Il ne devait d'ailleurs représenter qu'un petit passage de logistique dans le long
combat qui se dévoilait sans miséricorde.
Je compris donc à bon train qu'il ouvrait les portes de l'Enfer dans lequel Le
Poison Guérisseur (dont je parlerai plus tard) allait entrer.
Ce geste je l'appréhendais depuis le début, les choses allaient forcément mal se
passer. La chirurgie me sembla interminable, à la sortie du bloc opératoire, je
fus atteinte par des douleurs tellement fortes que j'eu droit à la morphine. Je
passai une nuit à l'hôpital, tourmentée dans un sommeil que je ne pouvais
trouver. J'essayais diverses positions qui pouvaient m'être un peu confortables
mais en vain. Chaque fois que je me retournais dans le lit, j'avais une lancée
poignante qui partait de l'incision et me traversait l'épaule. Je cherchais donc
une position antalgique moins douloureuse du côté opposé de ma blessure, mais
je ne résolvais pas le problème, car l'autre côté était douloureux en raison de la
mastectomie partielle que j'avais eue trois semaines auparavant. Je décidai alors
de rester couchée sur le dos, sans espoir de trouver d'autre soulagement.
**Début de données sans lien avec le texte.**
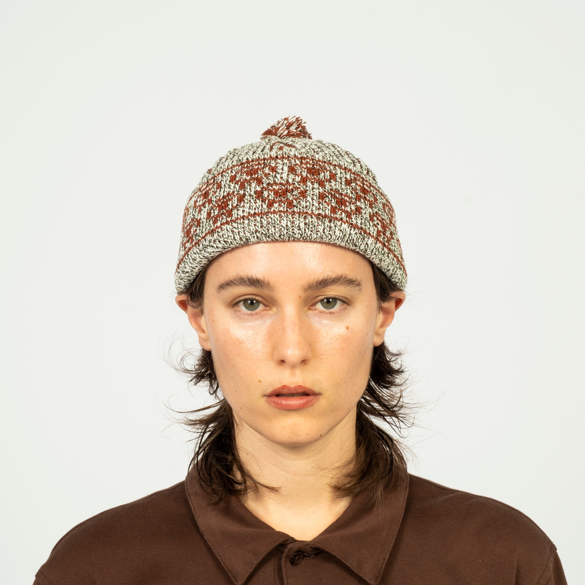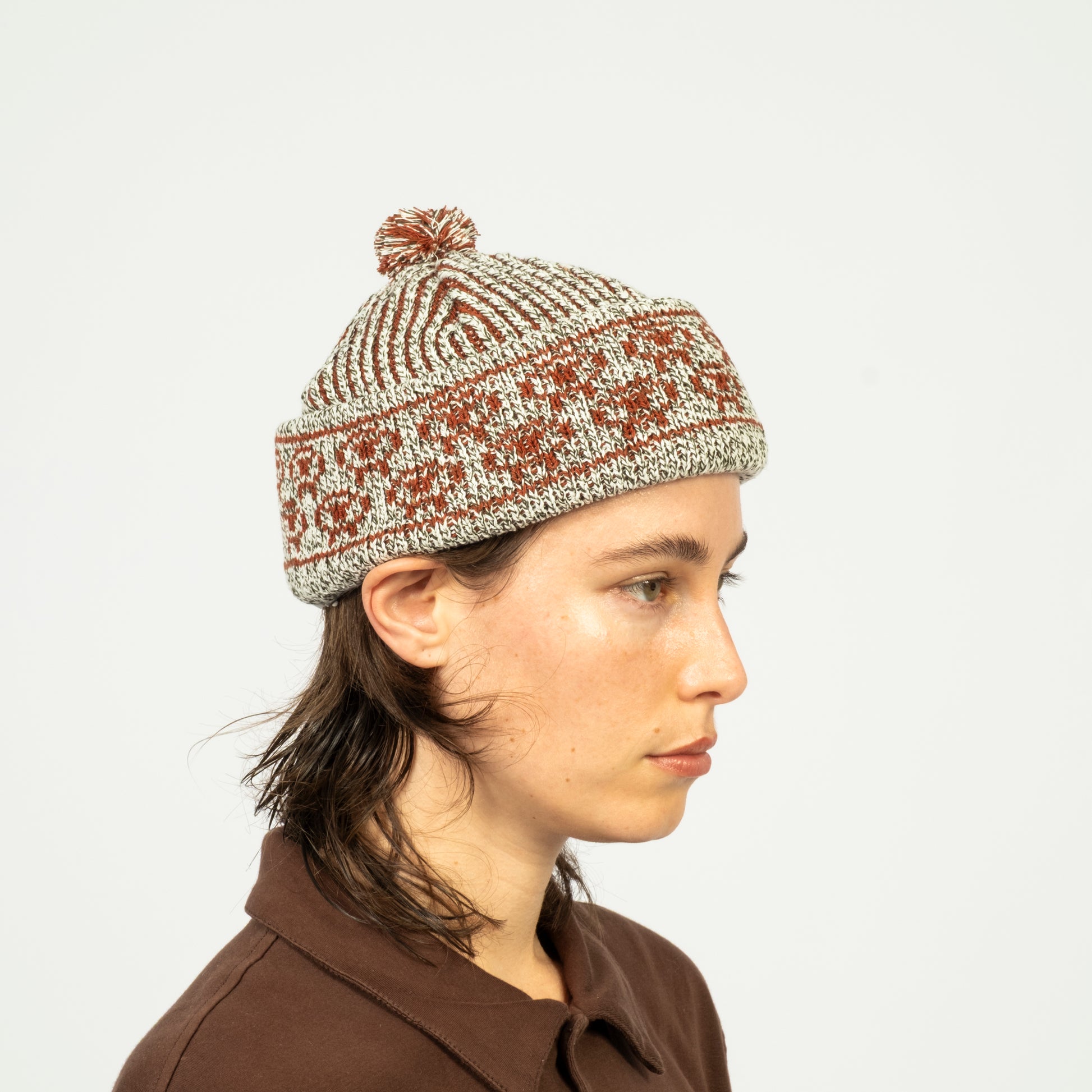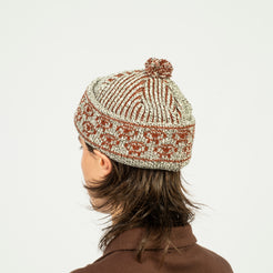 A Pakistan-made beanie finished with a digitally inspired sheep motif, giving the piece a modern, graphic edge. Knit from a twisted blend of expressive silk and specially processed cotton, it offers both texture and depth with a refined hand feel.

Cette position forcée ne me laissait aucune alternative de mouvement, la seule
chose qu'il me restait à faire c'était de réfléchir....quelle drôle de "truc" celui- là!
Un cathéter à chambre implantable avec un accès vasculaire! Cette seule pensée
me faisait froid dans le dos.
Le DAVI (tel est son vrai nom) est pourtant primordial pour les attaques contre
Le Mal Maudit!
Il est, comme je disais précédemment, la porte d'entrée pour la chimiothérapie,
notre Poison Guérisseur! C'est grâce à ce passage vasculaire que le remède
toxique coule dans nos veines pour brûler les cellules cancéreuses.
Je fis finalement de lui un héros, il s'était transformé sans que je le veuille, en
arme de combat. C'est étonnant comme certains phénomènes peuvent évoluer
dans nos pensées, comme beaucoup d'idées noires qui nous bouleversaient
auparavant peuvent se reconvertir par l'évidence des faits et la maturation des
réflexions en nouveaux concepts fétichistes.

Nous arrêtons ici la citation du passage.